Resampling an array fast with numba


I have a function that takes in an array an returns an upsampled version of it by using linear interpolation between the existing data points. The input array has approximately 5000 elements. I would also like to implement a version that handles 2d arrays with shape ~(4000, 5000).
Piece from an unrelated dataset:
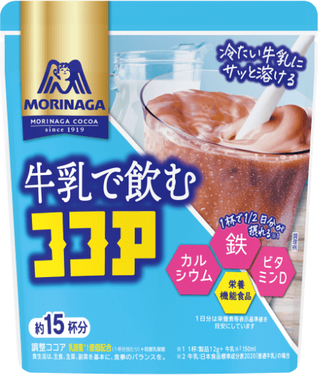 カルシウム・鉄・ビタミンDをおいしく手軽に摂取。冷たい牛乳にもサッと溶ける。 (栄養機能食品)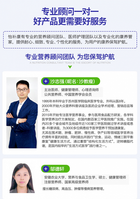 除了通過怡補康的功效與作用(專業化、精準化的營養支持)為患者保駕護航,怡補康還用體貼入微的服務精神來回饋患者。據悉,怡補康擁有一支專業服務團隊,由營養顧問、醫師護理以及康養管家(小程序)組成,為患者提供耐心、細致、個性化的多對一服務。通過康養管家對患者基礎體征的追蹤,醫師護理團隊將判斷分析患者當前面臨的情況,從而為患者康復提出個性化康養方案;而營養顧問則幫助患者更好地面對手術、放化療及康復期的每一個問題,一路為其保駕護航。

Why is this function not faster with numba njit? It runs superfast on 1d arrays without numba. With numba.njit it takes much longer. Any advice is much appreciated!

import numpy as np
import numba as nb

@nb.njit
def sync_sampl(time_series, repeat=10):
    if time_series.ndim == 1:
        time_series = time_series.repeat(repeat)
        # from https://mail.python.org/pipermail/scipy-user/2010-November/027574.html
        # by Dharas Pothina
        x = time_series
        xtmp = x.copy()
        xtmp[1:] = x[1:] - x[:-1]
        x_idx = np.nonzero(xtmp)[0]
        x_vals = x[x_idx]
        x_new = np.interp(np.arange(len(x)), x_idx, x_vals)
        x_new = x_new[:-(repeat - 1) or None]  # removing last elements to not get straight line at the end.
        return x_new
    else:
        # Implement 2d version here?
        pass

Solution

  • Here are some tips to make the Numba code faster:

    • You can tell to Numba that the input array is contiguous (only if it is true) and pre-compile the function ahead of time not to pay expensive compilation times at runtime. Here is an example: @nb.njit('float[::1](float32[::1],int32)').
    • you can use the option parallel=True on @nb.njit to execute some Numpy function in parallel. However, most functions a not yet running in parallel with it. Still, you can run loops in parallel with that and nb.prange.
    • As said in the comments, Numba is often good with loops. Numba loops are not always faster because the compiled Numpy code tends to be better vectorized than the JIT code from Numba. However, loops enable you to avoid creating/filling/reading many temporary arrays making your code memory-bound. Well-optimized loops also often help to reduce the number of instructions required to perform a custom operations. In your case, the lines from xtmp = x.copy() to x_vals = x[x_idx] can be rewritten using one fast memory-efficient parallel loop (and so no temporary buffers).
    • Note that you can also use the option fastmath=True if you are sure that there is no NaN/+Inf/-Inf/-0 values in your code (and the need for exact IEEE-754 rules like rounding) to improve performance even further. Using 32-bit floats may help too despite the significant loss of precision.